Did u get laid? I went and bought lube and fleshlighted it while moaning ur name the whole time.
So...we accidentally left a bag of puke in your sister's room. Heads up.
I really like him. That's why I'm having sex with someone else, so he doesnt think i'm a slut.
Warning...her vagina is big, like sleeping bag big.
25 Shocking High School Scandals You Won’t Believe Are True
"auto-tuned camel" is how i'd describe the noises she made
I wiped a tear off her cheek with my boner. It cheered her up
You can buy vodka at target here.. Maybe Missouri isn't so bad after all
Doing shrooms is fine until you get raped by curtains
Just had a tranny complement my outfit. Looks like I'll have to change before we go out.
Guy Shares All The ‘New Discoveries’ He’s Made Since Moving In With His Girlfriend And It’s Hilariously Relatable
I successfully convinced a drunk NDSU student that their school does not have a football team and another that they weren't in Fargo. I'm a dangerous sober shark in a sea of drunks.

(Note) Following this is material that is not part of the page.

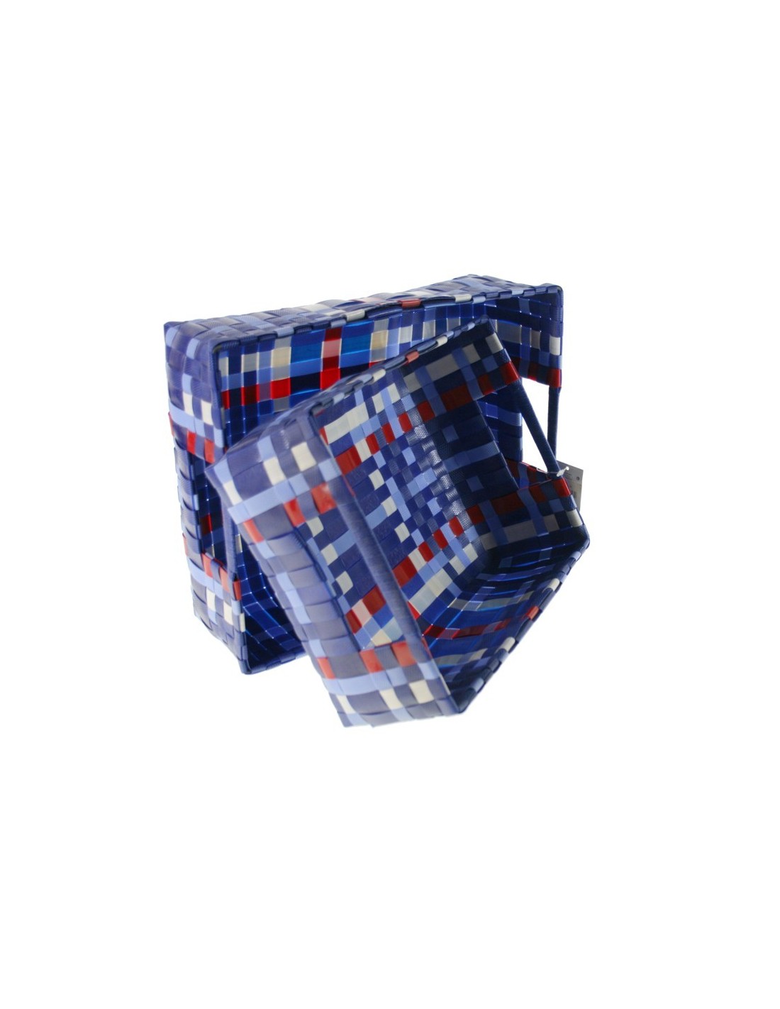 Juego de dos cuévanos de fibras sintéticas color azul. Medidas: 33x27-28x22 cm.

No. Dude. I didn't knoe it eas floibg to move. It's slepprru ixuy!
I really love you gals. I'm sorry again. I'm just super protective of my poutine
As a friend tho, you have the biggest dick I've ever seen
Like people might wonder why I put up with your puns. You give good head and play with my hair
im about to go through the checkout with 3 flasks and a wedding card. let the judgement begin!
update: cashier guessed cash bar before i could say anything. completely bypassed "dry" and knew cash bar right away. i love this state.